Radiant Horse Manure : Israel Under fire
“[I]t’s Incandescent Horse Shit” was the phrase utilized by the mathematician and philosopher, David Berlinski, to express his disgust and bewilderment at the pretensions of Alan Guth’s inflationary theory of Big Bang Cosmology.(1) Having noticed the blatant arbitrariness of the entire theory, its failings, and its Rube Goldberg like assembly(2), the normal equanimity of scholarly discourse failed him, and the luminance of supposed scientific insight was described in terms more appropriate to its substance, equine fecal excretions of pungent olfactory sense.
Berlinski is a skeptic’s skeptic. He has amassed a great deal of enemies in the scientific community mostly because he neither cares for their pugnaciousness nor their want of respect. I applaud and cheer him in every effort. One scientist found himself at the epistemological bottom when he said that Berlinski uses the “powers of doubt” to attack scientific pretensions to knowledge, this he found to be more of sophistry than critique. But “Doubt,” to capitalize it and thus embolden it with the power of a universal, is an essential component of scientific method, and is usually induced by someone waving red flags when they need to be waved. Berlinski holds a red flag in either hand, and waves them with great effect and great consequence.
I highlight the case of Berlinski because the phrase used by him in relation to Guth’s theory can as easily, and with greater severity, be used in the case of a book entitled A History of the Modern Middle East by William L. Cleveland. It is surely and unabashedly “Incandescent Horse shit.”
Laymen reviewers of the tome have complained that it is incredibly “detailed,” one women going on for almost a thousand words on Amazon.com complaining that the book was too expansive, and that it required foreknowledge of the region. It was not an introductory text, “do they have a Middle east for Dummies?” she queried. If not for the “selected bibliography” — a good way to tell that a book is not properly sourced, and thus not worthy of consideration beyond that of an Op-ed — I would have assumed Cleveland used as his only source the “Middle East for Dummies” edition.
The 500+ page exasperation qualifies as “Incandescent Horse Shit” in its entirety and I would be delighted if someone had the time and patience to dig through the manure. But here I will be referring to and elucidating Cleveland’s bias against the state of Israel and its formation. In this book, he carelessly omits relevant facts, diminishes Arab intransigence, and white washes the role of Islam as it relates to the formation, and rejection, of the state of Israel.

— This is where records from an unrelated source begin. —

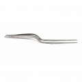 Precision Tongs, 8"L, offset, serrated tip, stainless steel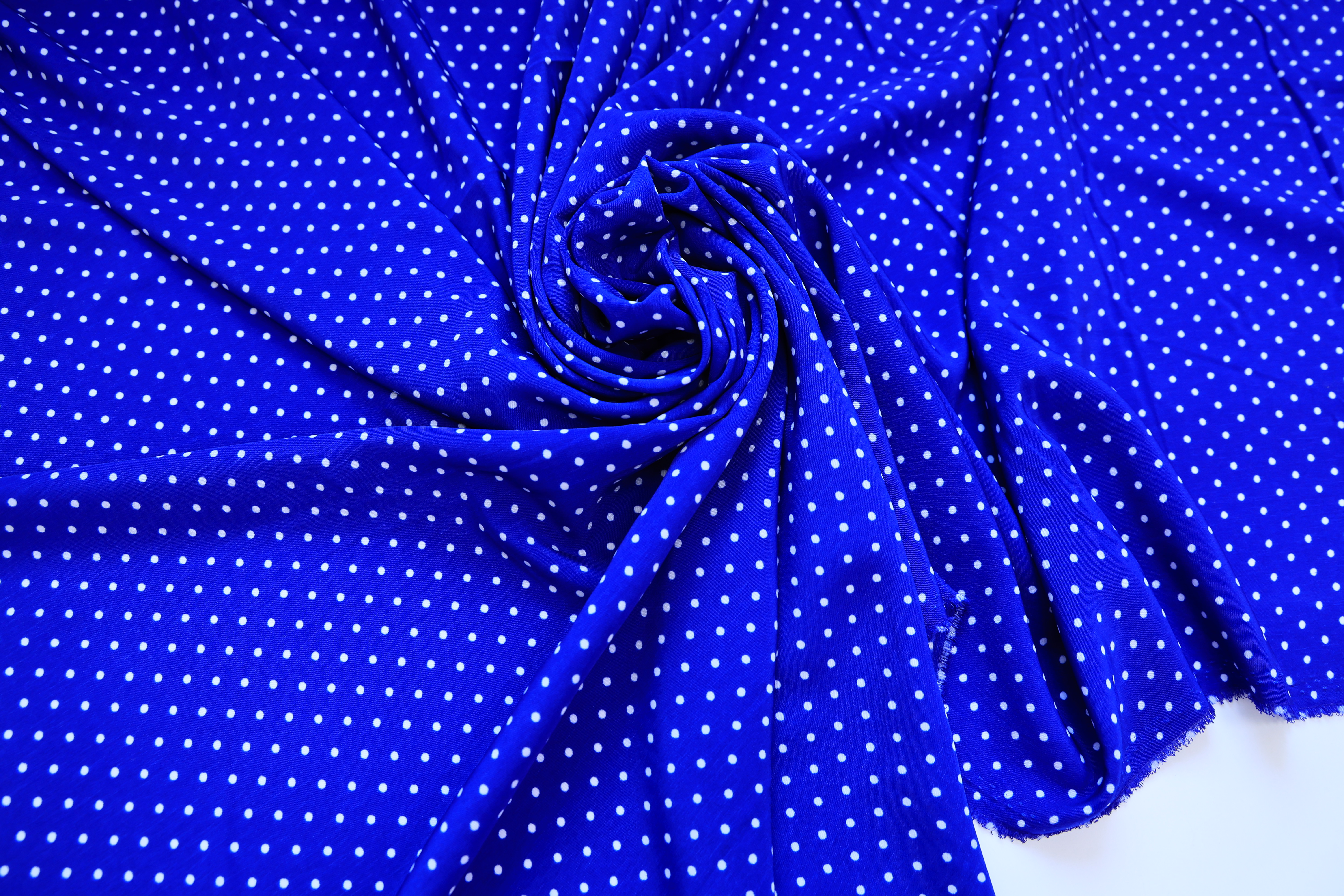 Вискоза василек в белый мелкий горох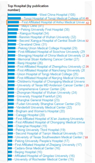 同样值得提及的是,发文全球前40家医院中,除了美国Mayo医学中心和Cleveland诊所等10家顶级欧美国家医院外,其余30家医院均来自中国医院。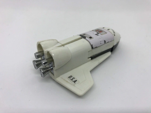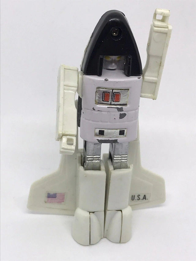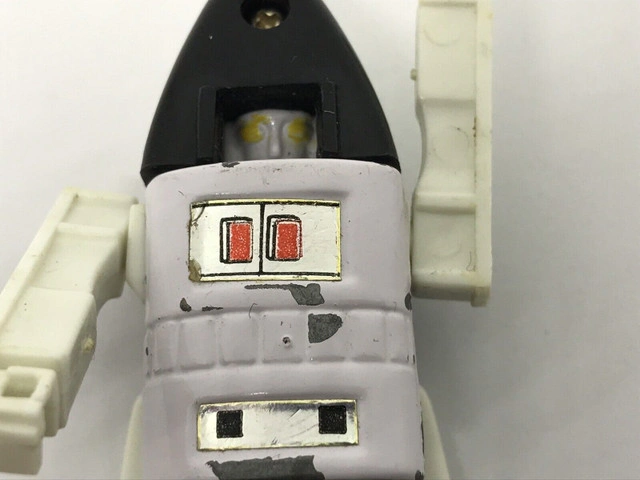 This is an early vintage variant of Mr Machine Robo or Spay-c. The stickers are unlike any others I have seen. The chest has Orange rectangles on a silver background. The belt is white like the rest of the body (some variants are made like this) Below the belt there are 2 black squares on a silver background. There is a USA flag sticker on one wing and USA on the other (similar to others I have seen but a different font) Maybe someone out there has seen this before and I will update the details. No tail fin / axe weapon No manufacturer markings Has some scratches/chips - sold as is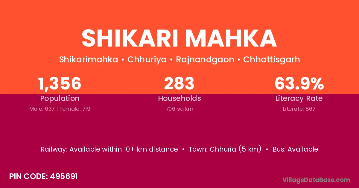 Chhuria (5 km) is the nearest town to Shikari Mahka village for major economic activities and is located approximately 5 km away.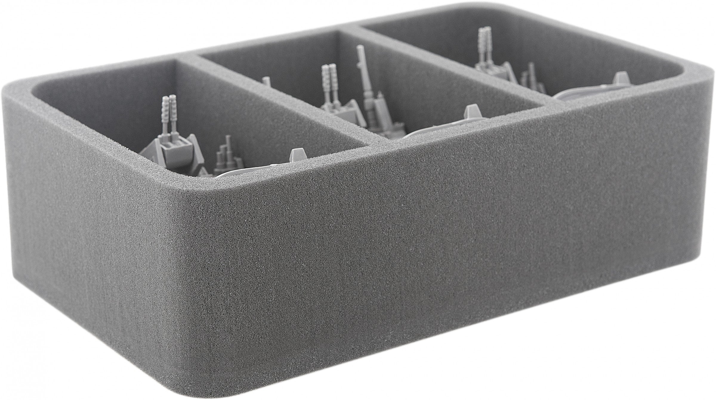 Cet insert en mousse possède 3 grands compartiments avec 2 formes de base différentes (deux compartiments ont des coins arrondis). Avec cette forme, les tapis s'intègrent parfaitement dans nos étuis FELDHERR. Les grands compartiments offrent suffisamment de place pour les assiettes de jeu Star Wars Imperial Assault AT-ST et AT-ST Genaeral Weiss Expansion Pack.

Let us begin with this sweeping declaration that encapsulates the entire perspective on the formation of Israel that this book provides:
Jewish immigration and land acquisition lay at the heart of the communal tension in Palestine. The Zionist objective was to build up the Jewish population of the mandate through unrestricted immigration so as to have a credible claim to the existence of a national home. In order to settle and feed the immigrants, it was necessary to acquire as much cultivable land as possible. In pursuit of these twin objectives, Zionism resembled a project of settler colonialism undertaken at the expense of the local Arab population. The Arabs of Palestine recognized that the goals of Zionism represented a threat to their existence and they opposed them by attempting to negotiate with Britain to restrict immigration and land transfers: when that tactic failed, they turned to armed revolt.(3)
Before engaging the facts, we need to first examine where the tone of the passage is propelling the reader. A historian’s credibility should be judged on the language he employs when presenting a situation — Jewish Immigration to Palestine — which spanned nearly 60 years. So when Cleveland proclaims that “Zionism resembled a project of settler colonialism undertaken at the expense of the local Arab population” and that “the Arabs of Palestine recognized that the goals of Zionism were a threat to their existence,” some Berlinski style flag waving must commence, and questions need to arise, and they need to arise immediately.
If Zionism resembled a project of colonial settlement at the Arab’s expense, who did the perceiving? And since it is in the past tense, who stood around in the mandate anywhere between 1882 (the first aliyah, which he alludes to but doesn’t mention, as it doesn’t fit the narrative of colonialism, as the Ottomans were in power then, and only western powers are colonial) and 1948 and said “this looks like colonialism,” wrote it down, and archived it, so that it can be cited as a credible disposition that occupied the minds of the Arabs? Also, when he maintains that Arabs “recognized” that this was a threat to their existence, in what ontological terms? As Arabs? As Palestinians? As human beings? And when he uses the leading term “recognized” instead of the more scholarly “believed” or “thought” or “were concerned” he is suggesting that the Jewish immigrations were, in fact, an objective threat that he, the Arabs, and the reader should also recognize as it relates to all three ontological categories. This line of thought can lead one to believe that the Jewish goal in the region was to ethnically cleanse the entire area, and a great number of people now believe it. But it is, in fact, “Incandescent Horse Shit” as the facts will demonstrate.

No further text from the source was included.